The other casting issue, for Walterdale at least, is the gender breakdown. As I said, the majority of roles are men's (at a ratio of 15: 2). Anyone who knows much about Shakespeare's theatre (or has seen Shakespeare in Love) knows why this is the case: Shakespeare had no actresses to play in his productions, only boys dressed as women. Of course, for this play, he must have had at least one staggeringly talented young man, to play the complicated leading role of Cleopatra. It was probably the same lucky lad who originated the other great female roles from this same period, including Desdemona and Lady Macbeth. Shakespeare's confidence in this boy (whose name is lost to us) was so great that he even slipped a clever meta-theatrical reference into the play. When Cleopatra has been captured by Caesar's army, she recoils at the idea that she will be led in triumph back to Rome, like a piece of precious booty. She concludes her nightmarish prophecy thus:

Nay, ‘tis most certain, Iras. Saucy lictors
Will catch at us like strumpets, and scald rhymers
Ballad us out o’tune. The quick comedians
Extemporally will stage us and present
Our Alexandrian revels; Antony
Shall be brought drunken forth; and I shall see
Some squeaking Cleopatra boy my greatness
I'th' posture of a whore.

Whether played by a boy or a woman, Cleopatra is unquestionably a great role. And there are at least a couple of other strong parts for women, most notably Cleopatra's servants, Charmian and Iras. The fourth part is Octavia, Caesar's sister and Antony's second wife (his first dies off-stage as the play begins). It's not a bad part, but small.

I suspect the first thing I will do is increase the size of Cleopatra's female retinue by switching the genders of a couple of characters. There's Alexas, who is officially one of Antony's men, but who spends more time running errands for the Queen. His name won't even have to change. Then there's Mardian, who, as a eunuch, is already half-way to womanhood. Rechristened Mardias, she will be a quieter member of Cleopatra's boisterous clique. I'll have to cut out a couple of eunuch jokes--snip, snip--but I doubt anyone will miss them.

Who else? There is a Soothsayer who appears twice early in the play. Like the Soothsayer in Julius Caesar who says, "Beware the Ides of March," this character is genderless, and could just as easily be an old woman as an old man (who knows? Perhaps they are the same character, always popping up to intone seemingly meaningless but ultimately significant warnings).

That brings the female count up from 4 to 7, at least. Then there's always the possibility of cross-casting some of the soldiers. But it would be nice to maintain a clear gender divide between Egypt and Rome. This is emphasised in the imagery of the play: Rome is cold, sterile, rigid, logical, and violent. Egypt is warm and fertile, teeming with life and colour and emotion.

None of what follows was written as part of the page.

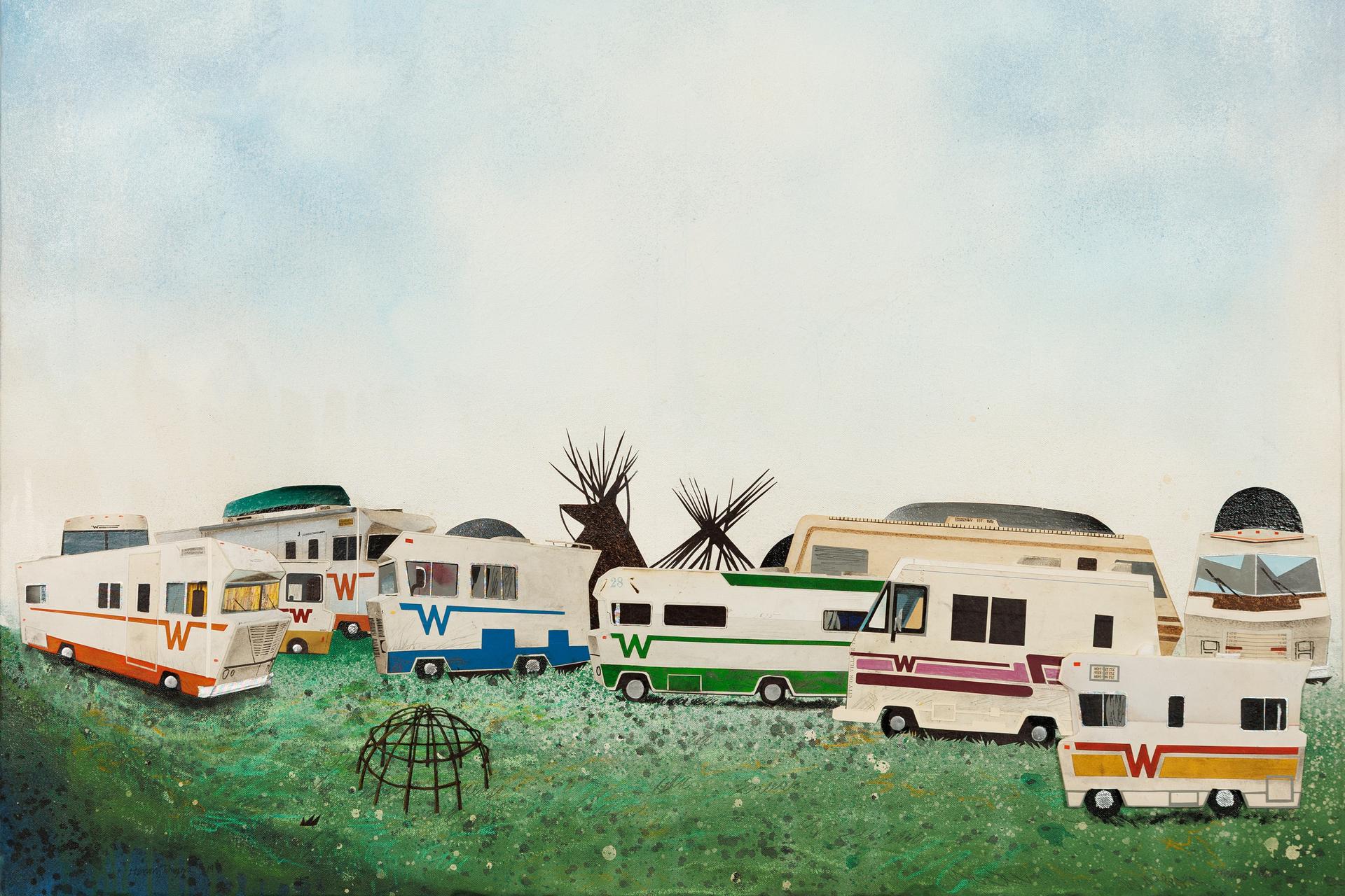 Detail from Henry Payer's "Winnebago Camp," a multimedia painting from 2019. (Courtesy of the artist) |
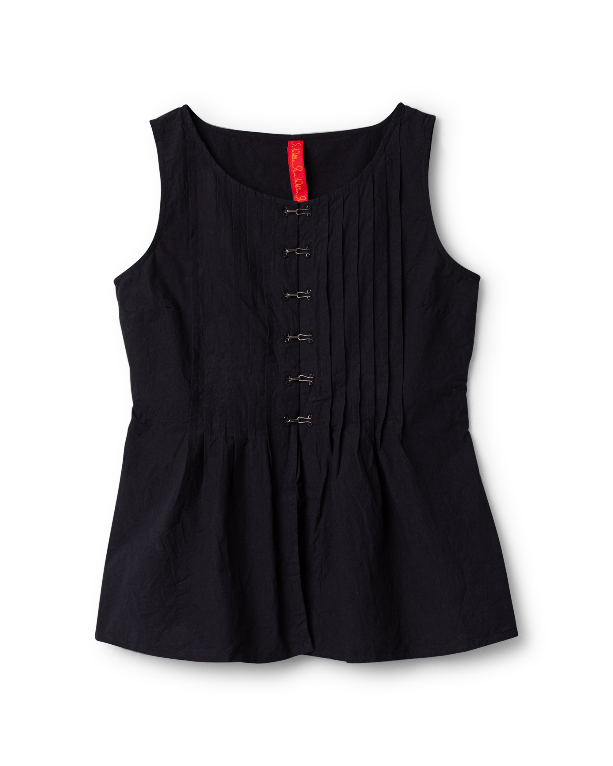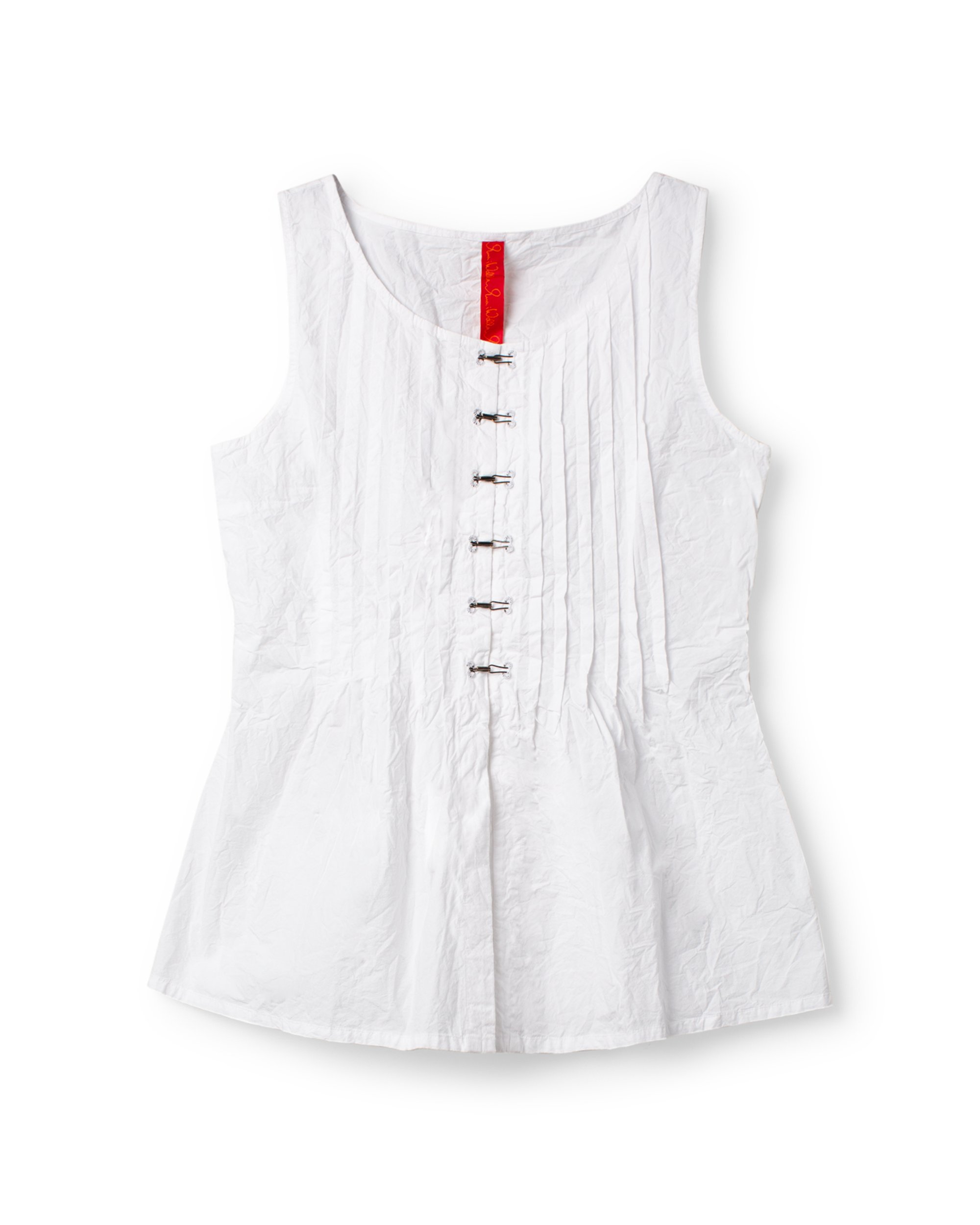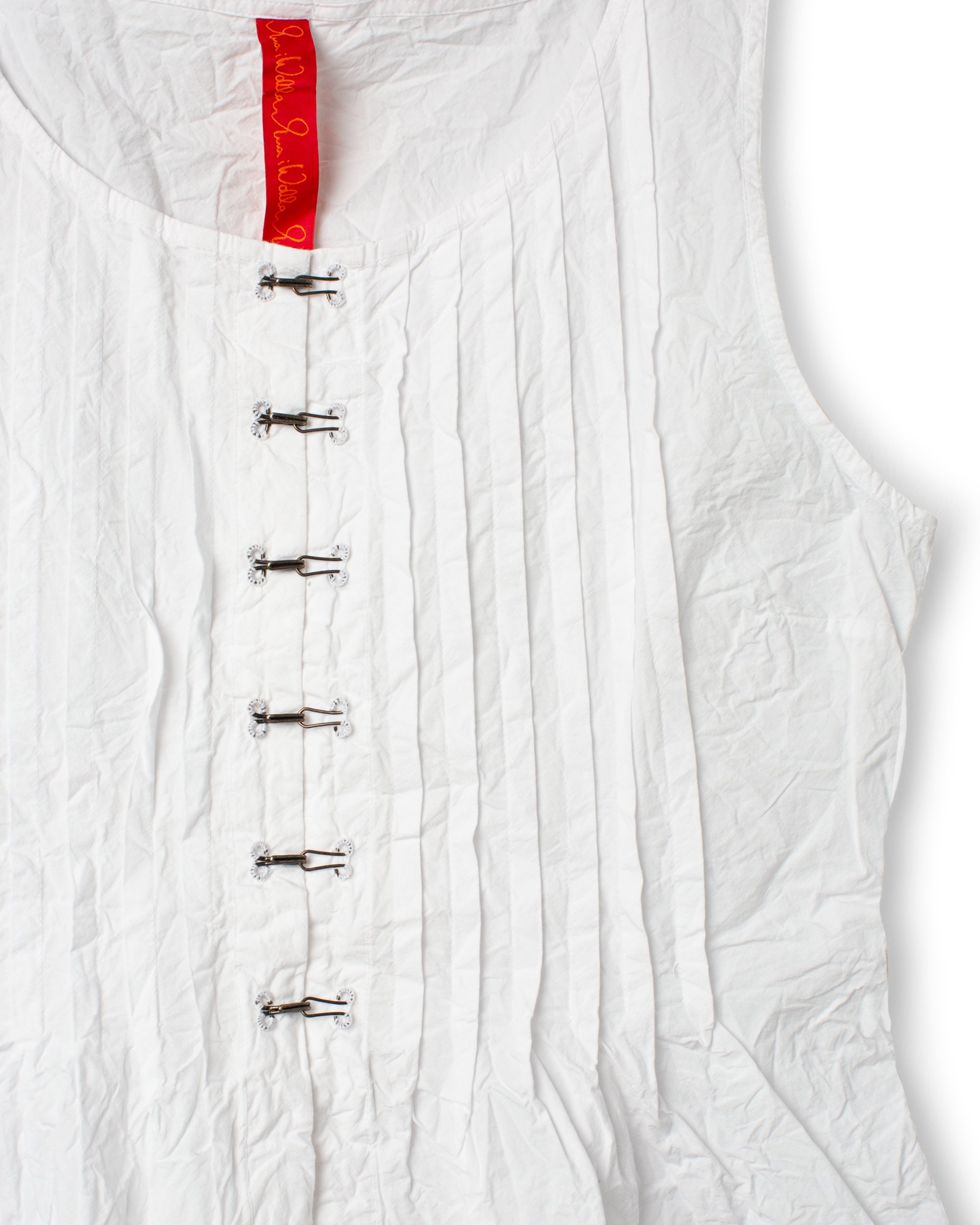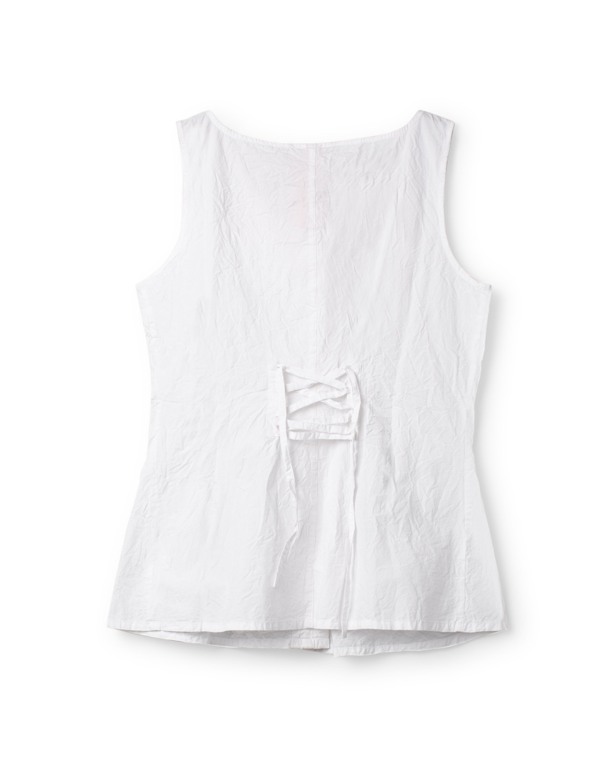 Top in cotton with decorative pleats, hook and eye buttoning at the front and lacing at the back.

The longer Antony stays in Egypt, the more he feels like he's becoming "womanish." This character transition, although it might be seen as somewhat sexist, is important, and I think it might undermine it a bit to have a bunch of Amazons bouncing around in Rome.

(Forgive my choice of words, but I'm sorry; a woman in a toga is a woman, and no amount of tenser bandaging or penciled-in facial hair will fool an audience with eyes.)